On the Role of Gas Cooling in the Dynamics of Circumbinary Disks

TL;DR

This study investigates how different gas cooling times influence the structure, accretion variability, and angular momentum transfer in circumbinary disks around equal-mass binaries using hydrodynamic simulations.

Contribution

It introduces thermal relaxation with variable cooling times into CBD simulations, revealing effects on disk morphology, accretion variability, and binary orbital evolution.

Findings

Longer cooling times suppress accretion variability.

Disk morphology becomes more symmetric with increased cooling time.

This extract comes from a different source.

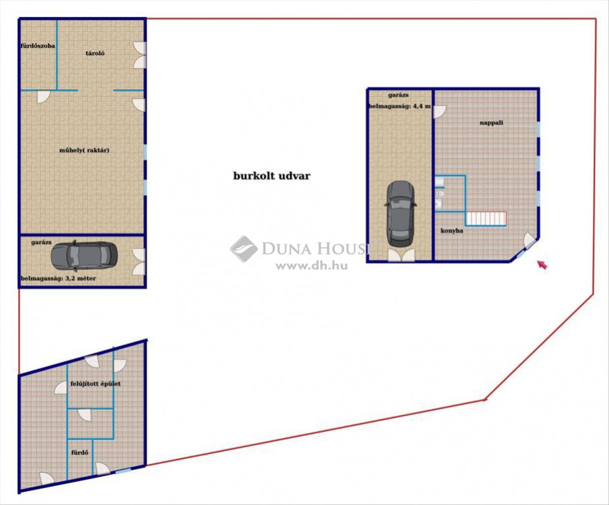 Az udvart nemes vakolattal, díszburkolattal kialakított zárt kőkerítés határolja. Két elektromos kapun lehet bejutni, az esztétikus térburkolattal ellátott telek több autó parkolására is alkalmas. Az épületekről lefolyó esővíz szakszerű elvezetéssel az utcán kialakított vízgyűjtő aknába van vezetve.

Binary orbit tends to expand under most cooling conditions.

Abstract

Hydrodynamical interactions between binaries and circumbinary disks (CBDs) play an important role in a variety of astrophysical systems, from young stellar binaries to supermassive black hole binaries. Previous simulations of CBDs have mostly employed locally isothermal equation of state. We carry out two-dimensional viscous hydrodynamic simulations of CBDs around equal-mass, circular binaries, treating the gas thermodynamics by thermal relaxation towards equilibrium temperature (the constant-$\beta$ cooling ansatz, where $\beta$ is the cooling time in units of the local Keplerian time). As an initial study, we use the grid-based code Athena++ on a polar grid, covering an extended disk outside the binary co-orbital region. We find that with a longer cooling time, the accretion variability is gradually suppressed, and the morphology of the CBD becomes more symmetric. The disk also shows evidence of hysterisis behavior depending on the initial conditions. Gas cooling also affects the rate of angular momentum transfer between the binary and the CBD, where given our adopted disk thickness and viscosity ($H/r\sim 0.1$ and $\alpha\sim 0.1$), the binary orbit expands while undergoing accretion for most $\beta$ values between 0 and 4.0 except over a narrow range of intermediate $\beta$ values. The validity of using polar grid excising the central domain is also discussed.